Photo: Camilo José Vergara

In the fall of 2012, the National Building Museum presents two photography exhibitions exploring the meaning of Detroit, Michigan. In Detroit Disassembled the artist Andrew Moore offers dramatic, classically-inspired images of the ruins found in the Motor City. Detroit Is No Dry Bones, by documentarian Camilo José Vergara, is a portrait of urban flux incorporating sequences of photos taken over two decades. In contrasting approaches to Detroit, Moore shows ruins returning to the earth and Vergara shows a transient city of reinvention. The exhibitions are on view in adjacent galleries from September 30, 2012 through February 18, 2013.

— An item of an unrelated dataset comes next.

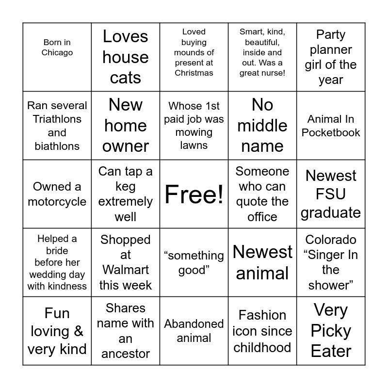 This bingo card has a free space and 24 words: Shopped at Walmart this week, Shares name with an ancestor, Whose 1st paid job was mowing lawns, Fun loving & very kind, Party planner girl of the year, Born in Chicago, Ran several Triathlons and biathlons, Loves house cats, Someone who can quote the office, “something good”, No middle name, Owned a motorcycle, Newest animal, Colorado “Singer In the shower”, New home owner, Fashion icon since childhood, Newest FSU graduate, Loved buying mounds of present at Christmas, Animal In Pocketbook, Can tap a keg extremely well, Very Picky Eater, Helped a bride before her wedding day with kindness, Smart, kind, beautiful, inside and out. Was a great nurse! and Abandoned animal.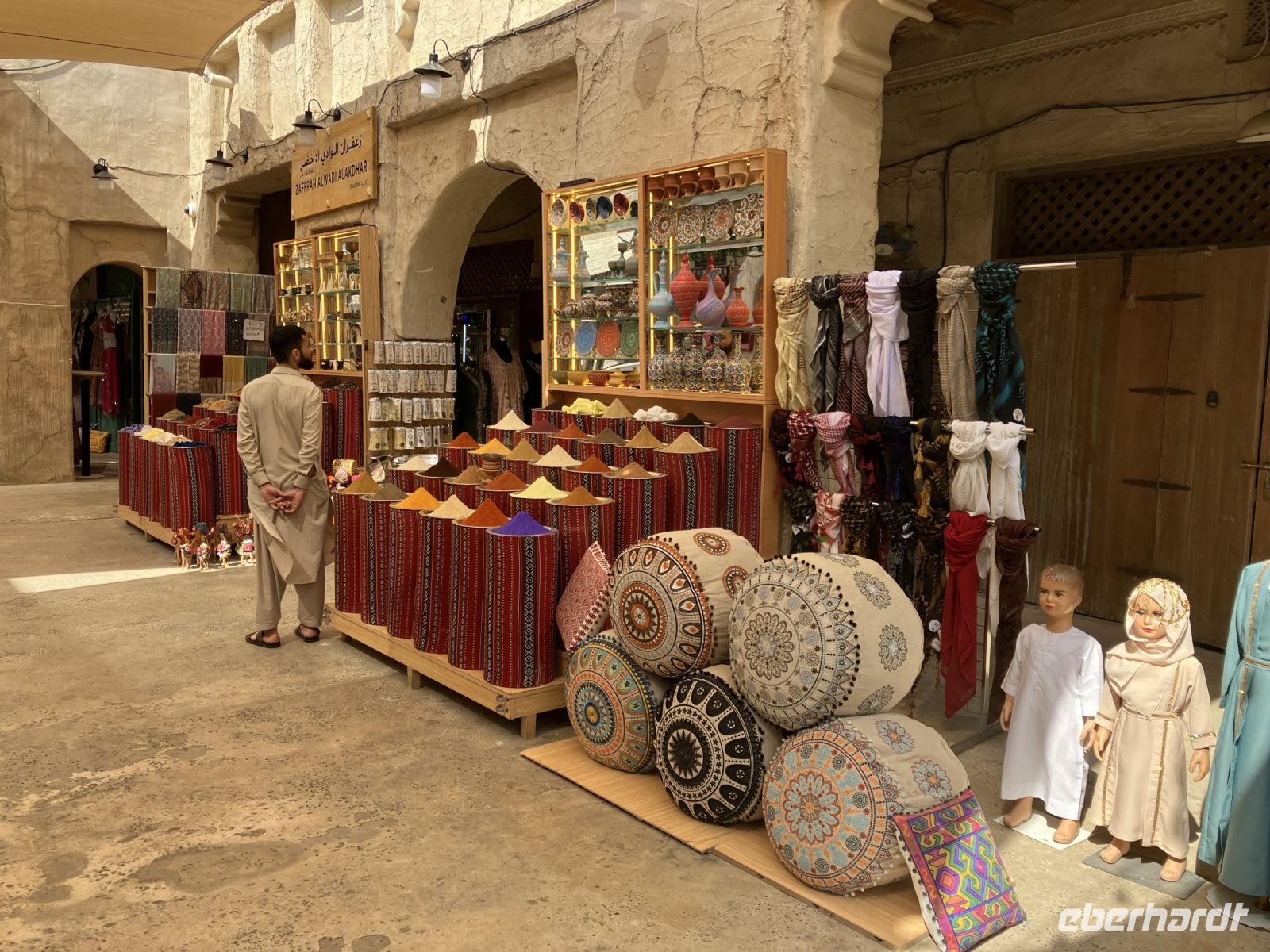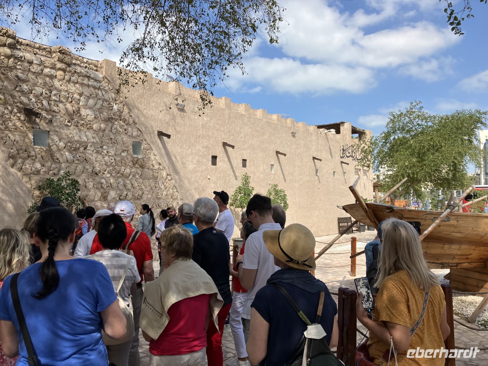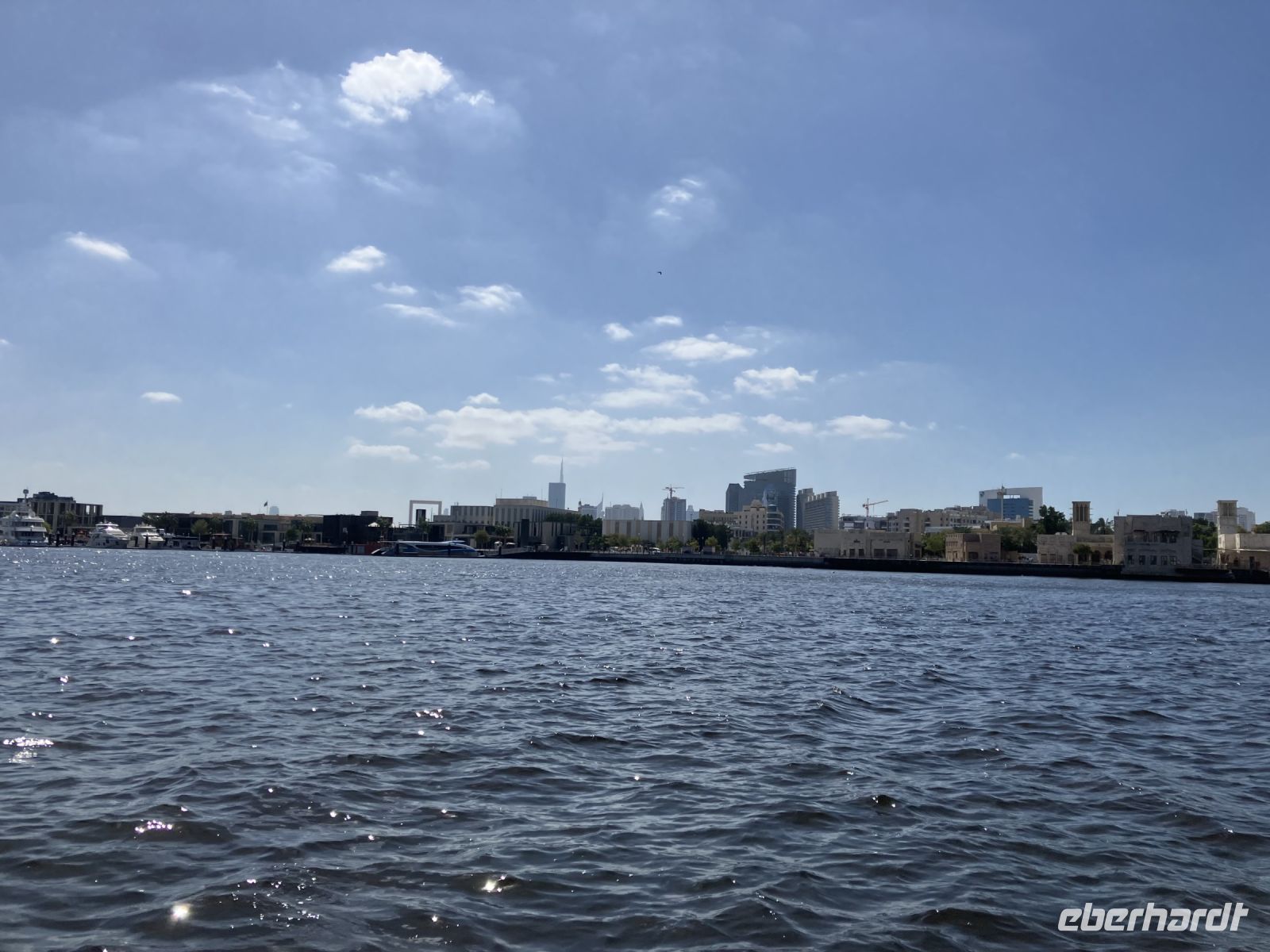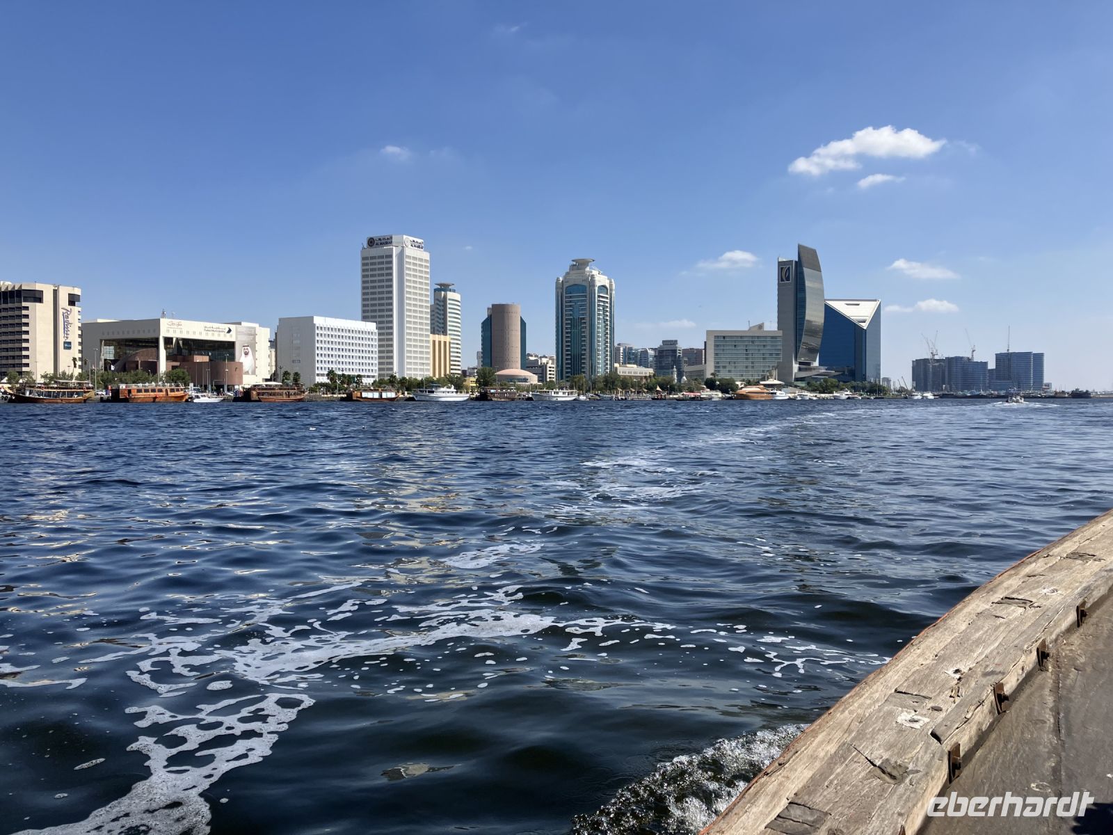 Im Anschluss lernten wir das alte Dubai kennen. Erst durch eine nachgebaute Altstadt bummelnd, danach im renovierten historischen Stadtkern und am Schluss im Goldsouk Deira. Im Kaffeemuseum erfuhren wir, was es mit dem Schütteln des Kaffeebechers auf sich hat, und warum der einschenkende Diener immer stumm bleiben mußte. Mit einem Abra, dem berühmten Wassertaxi setzten wir über den Creek. Weil es schön ist, gönnten wir uns nicht nur die Überfahrt, sondern 45 min auf dem Wasser.

The spectacle of Detroit’s decay has been widely circulated by the traditional press, online, and through social media, triggering debates over what can and should be done for the city. Its post-industrial ruins and abandoned landscapes are seen by many as eyesores in need repair or redevelopment, while outside artists and urban explorers make pilgrimages to the same locations. At the same time, both old and new residents are taking a DIY approach to redefining Motown, starting new businesses, farms, and organizing for positive change. Once the largest and most important manufacturing center of the 20th century, Detroit is a complex shrinking city that has become many cities in one, or in Vergara's words "The Eternal City of the Industrial Age."